Love feet. like LOVE feet.

So has anyone else ever been in the middle of doing something and at the exact moment something happens and you sort of wonder if it happened because of what you did.

Write angry notes into your search browser in case any Russian spies are watching.

When passed by a very attractive girl in the street, turn around and look after her and/or follow her to the next street corner, in order to grasp more of her beauty.

Write a word then wonder if it's spelt with an i or and e so just put them both in but do it in such a way that the person reading it won't know whether you didn't know the spelling or misspelled it then realized your mistake and tried to fix it.

When you don't have enough money for something, you just take a tiny bit of money from your siblings and parents room at a time so they don't notice any different

Tap my fingers really rapidly when I'm annoyed, stressed out, fed up or angry.

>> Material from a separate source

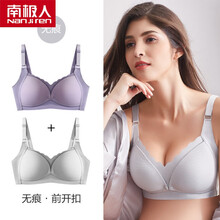 南极人旗舰专卖孕妇哺乳文胸 2件装聚拢防下垂夏季薄款棉里女喂奶前开扣浦孕妇无钢圈内衣怀孕期 【无痕】丁香紫+灰 90B
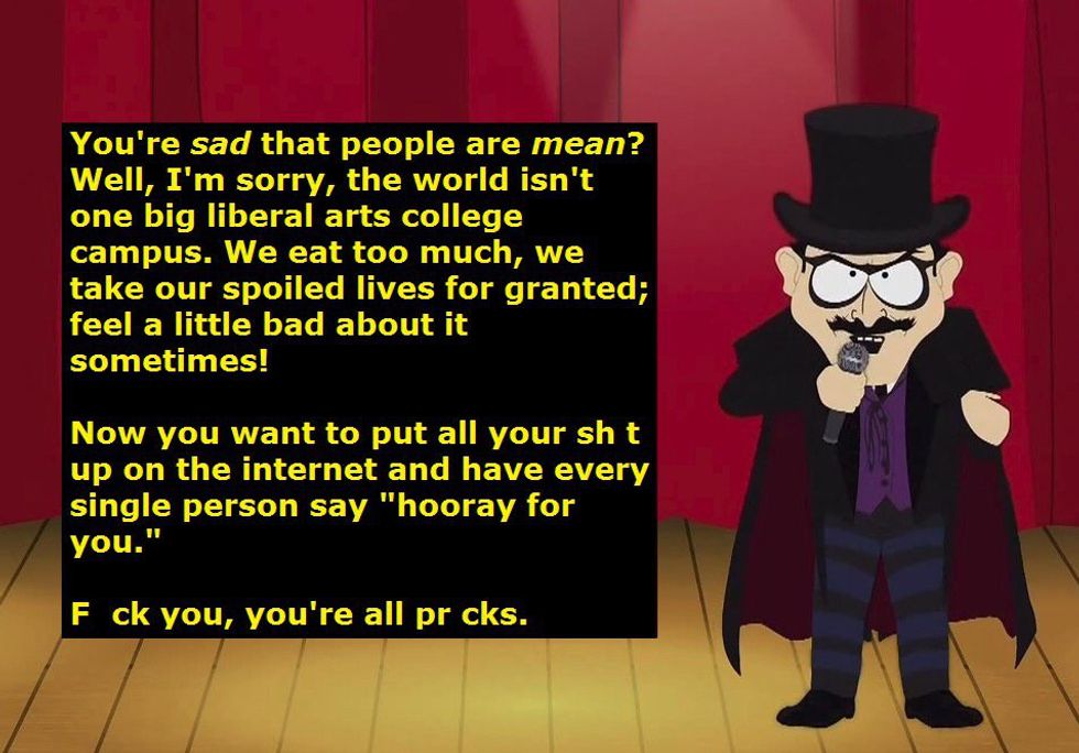 Now that these children are out of their childhood homes, they are being exposed to ideas and opinions that differ from their own. Instead of having their parents there to shield them from things that they may not like, they demand that the college do it instead. This has created an environment in which professors are more concerned about offending their students rather than the substance of their course material. Instead of learning how to think for themselves, and do it critically, students are being taught watered down topics "for their own good."

After getting up from the grass, I use my foot to move the grass I was sitting on around so that there isn't a butt print in the grass.

What do you call a rapist in your house? Your father.

I **** with no hands.

You see someone do something cool and imagine doing it in front of all your friends

Love to check my astrological compatibility with my favorite musicians.

Sweet! I've just received my free minecraft giftcode! >> Minecraftcodes.info <

When someone wants to kill a bug, I'll get insane and catch the bug, then run out and release the bug while saying "NOW YOU'RE FREE!!!!!"

scratch that bit between my balls and arse when it gets itchy, then carry on scratching for ages cos it feels so damn good

I don't like being told what I will do or how I will feel.

Walking into a room to do something, and then forgetting what you were gonna do.

Tells a joke only you thought was funny and still laughs then laughs harder because your the only one laughing nikki

make it a point of interest to know every word to a song that nobody likes. (i.e. call me maybe) >.>

Sometimes I accidentally move my mouth in a way where it suddenly makes a random farting noise so I immediately just make more obviously made fart noises just so people wont think I actually farted. Is that only me?

Constantly refresh your email page even though you know nothing will appear.

When theres a car just like yours right next to your car in the parking lot you almoat always gravitate to that car instead. It's the worst when there people in the car and you keep trying to open it.

Hate when people ask "do you have a bathroom?" It's like "no we crap in the yard!"

When I Download A Song Or Movie And The Download Speed Slows Down I Think The FBI Is Tracking Me.

Things You Think Only You Do

A collection of things you think only you do. Go ahead and confess. You probably aren't the only one.